Safe and Efficient Exploration in Reinforcement Learning

Monday, November 23, 2020 - 11:00am to Tuesday, November 24, 2020 - 11:55am

Event Calendar Category

LIDS Seminar Series

Speaker Name

Andreas Krause

Affiliation

ETH Zürich

Event Recording

Zoom meeting id

995 6944 6655

Join Zoom meeting

https://mit.zoom.us/j/99569446655

Abstract

At the heart of Reinforcement Learning lies the challenge of trading exploration -- collecting data for identifying better models -- and exploitation -- using the estimate to make decisions.  In simulated environments (e.g., games), exploration is primarily a computational challenge.  In real-world settings, exploration is costly, and a potentially dangerous proposition, as it requires experimenting with actions that have unknown consequences.  In this talk, I will present our work towards rigorously reasoning about the safety of exploration in reinforcement learning.  I will discuss a model-free approach, where we seek to optimize an unknown reward function subject to unknown constraints.  Both reward and constraints are revealed through noisy experiments, and safety requires that no infeasible action is chosen at any time.
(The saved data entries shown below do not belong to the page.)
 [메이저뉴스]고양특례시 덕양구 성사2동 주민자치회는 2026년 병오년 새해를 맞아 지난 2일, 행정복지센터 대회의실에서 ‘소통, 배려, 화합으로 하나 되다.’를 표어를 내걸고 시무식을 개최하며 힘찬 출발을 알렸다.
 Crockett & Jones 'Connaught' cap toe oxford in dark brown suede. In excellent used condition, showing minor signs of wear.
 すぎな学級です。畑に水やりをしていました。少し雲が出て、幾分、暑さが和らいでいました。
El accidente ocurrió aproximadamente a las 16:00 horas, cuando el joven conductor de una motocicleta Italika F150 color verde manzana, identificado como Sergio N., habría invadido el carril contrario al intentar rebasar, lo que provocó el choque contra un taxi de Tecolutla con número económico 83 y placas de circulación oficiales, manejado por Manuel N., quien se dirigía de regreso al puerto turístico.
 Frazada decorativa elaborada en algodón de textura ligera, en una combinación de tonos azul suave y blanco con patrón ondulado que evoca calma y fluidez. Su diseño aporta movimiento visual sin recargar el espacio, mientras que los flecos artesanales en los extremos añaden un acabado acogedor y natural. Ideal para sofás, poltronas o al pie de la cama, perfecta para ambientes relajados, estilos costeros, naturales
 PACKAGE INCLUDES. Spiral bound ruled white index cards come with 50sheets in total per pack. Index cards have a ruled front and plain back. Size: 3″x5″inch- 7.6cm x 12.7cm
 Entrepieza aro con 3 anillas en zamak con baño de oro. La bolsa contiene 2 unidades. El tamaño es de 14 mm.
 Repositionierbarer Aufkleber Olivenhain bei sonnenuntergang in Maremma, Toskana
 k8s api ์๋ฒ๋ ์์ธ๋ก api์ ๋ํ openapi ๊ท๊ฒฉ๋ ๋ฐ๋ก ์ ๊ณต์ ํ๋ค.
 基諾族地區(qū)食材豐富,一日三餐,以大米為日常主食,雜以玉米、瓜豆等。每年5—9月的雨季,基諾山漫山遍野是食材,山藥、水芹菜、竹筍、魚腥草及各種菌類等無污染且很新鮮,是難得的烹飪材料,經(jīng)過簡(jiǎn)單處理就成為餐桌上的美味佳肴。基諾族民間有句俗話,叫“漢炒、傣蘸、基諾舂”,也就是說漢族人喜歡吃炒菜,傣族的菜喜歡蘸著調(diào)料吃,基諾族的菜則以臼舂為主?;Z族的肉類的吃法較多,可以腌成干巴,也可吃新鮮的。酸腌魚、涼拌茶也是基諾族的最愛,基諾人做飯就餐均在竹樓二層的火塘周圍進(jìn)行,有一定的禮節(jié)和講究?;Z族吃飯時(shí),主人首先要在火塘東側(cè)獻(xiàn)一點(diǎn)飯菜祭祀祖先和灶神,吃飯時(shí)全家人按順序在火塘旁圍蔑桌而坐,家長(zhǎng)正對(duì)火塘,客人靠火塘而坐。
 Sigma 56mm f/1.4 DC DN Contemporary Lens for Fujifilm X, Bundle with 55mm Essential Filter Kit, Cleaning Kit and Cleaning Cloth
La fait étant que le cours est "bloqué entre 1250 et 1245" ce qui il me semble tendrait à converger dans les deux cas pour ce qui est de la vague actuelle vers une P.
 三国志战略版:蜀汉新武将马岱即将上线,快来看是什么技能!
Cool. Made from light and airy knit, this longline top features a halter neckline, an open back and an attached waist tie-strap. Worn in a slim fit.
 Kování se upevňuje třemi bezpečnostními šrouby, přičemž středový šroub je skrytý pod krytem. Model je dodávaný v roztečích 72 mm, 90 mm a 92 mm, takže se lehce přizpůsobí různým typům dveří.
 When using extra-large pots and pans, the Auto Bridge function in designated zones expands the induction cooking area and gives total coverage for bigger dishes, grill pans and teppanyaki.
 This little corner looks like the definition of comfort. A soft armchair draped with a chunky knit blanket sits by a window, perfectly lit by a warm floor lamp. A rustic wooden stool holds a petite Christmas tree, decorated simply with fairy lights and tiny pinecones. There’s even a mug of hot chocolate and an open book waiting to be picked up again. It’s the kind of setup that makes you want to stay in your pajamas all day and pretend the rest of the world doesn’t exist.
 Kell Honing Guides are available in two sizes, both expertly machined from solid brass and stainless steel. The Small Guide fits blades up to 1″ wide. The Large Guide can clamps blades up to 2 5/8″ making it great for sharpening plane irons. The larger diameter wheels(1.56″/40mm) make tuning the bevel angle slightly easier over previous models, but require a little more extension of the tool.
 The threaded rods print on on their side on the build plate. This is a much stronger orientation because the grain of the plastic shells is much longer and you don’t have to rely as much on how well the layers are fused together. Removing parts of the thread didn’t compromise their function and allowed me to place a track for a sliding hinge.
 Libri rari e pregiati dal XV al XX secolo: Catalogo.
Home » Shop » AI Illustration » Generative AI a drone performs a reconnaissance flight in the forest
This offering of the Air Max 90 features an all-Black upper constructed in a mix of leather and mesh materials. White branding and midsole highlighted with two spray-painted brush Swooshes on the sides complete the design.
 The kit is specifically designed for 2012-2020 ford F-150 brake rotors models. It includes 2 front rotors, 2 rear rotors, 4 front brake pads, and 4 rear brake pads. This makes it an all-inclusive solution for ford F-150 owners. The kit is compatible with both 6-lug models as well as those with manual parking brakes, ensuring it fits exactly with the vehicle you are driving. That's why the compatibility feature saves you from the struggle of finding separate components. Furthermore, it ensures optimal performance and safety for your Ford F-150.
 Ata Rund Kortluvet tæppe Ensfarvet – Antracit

I will also discuss model-based approaches, where we learn about system dynamics through exploration, yet need to verify the safety of the estimated policy.  Our approaches use Bayesian inference over the objective, constraints, and dynamics, and -- under some regularity conditions -- are guaranteed to be both safe and complete, i.e., converge to a natural notion of reachable optimum.  I will also present recent results harnessing the model uncertainty for improving the efficiency of exploration, and show experiments on safely and efficiently tuning cyber-physical systems in a data-driven manner.

Biography

Andreas Krause is a Professor of Computer Science at ETH Zurich, where he leads the Learning & Adaptive Systems Group. He also serves as Academic Co-Director of the Swiss Data Science Center and Chair of the ETH AI Center. Before that, he was an Assistant Professor of Computer Science at Caltech. He received his Ph.D. in Computer Science from Carnegie Mellon University (2008) and his Diplom in Computer Science and Mathematics from the Technical University of Munich, Germany (2004). He is a Microsoft Research Faculty Fellow and a Kavli Frontiers Fellow of the US National Academy of Sciences. He received ERC Starting Investigator and ERC Consolidator grants, the Deutscher Mustererkennungspreis, an NSF CAREER award as well as the ETH Golden Owl teaching award. His research has received awards at several premier conferences and journals, including the ACM SIGKDD Test of Time award 2019 and the ICML Test of Time award 2020. Andreas Krause served as Program Co-Chair for ICML 2018 and he is serving as Action Editor for the Journal of Machine Learning Research.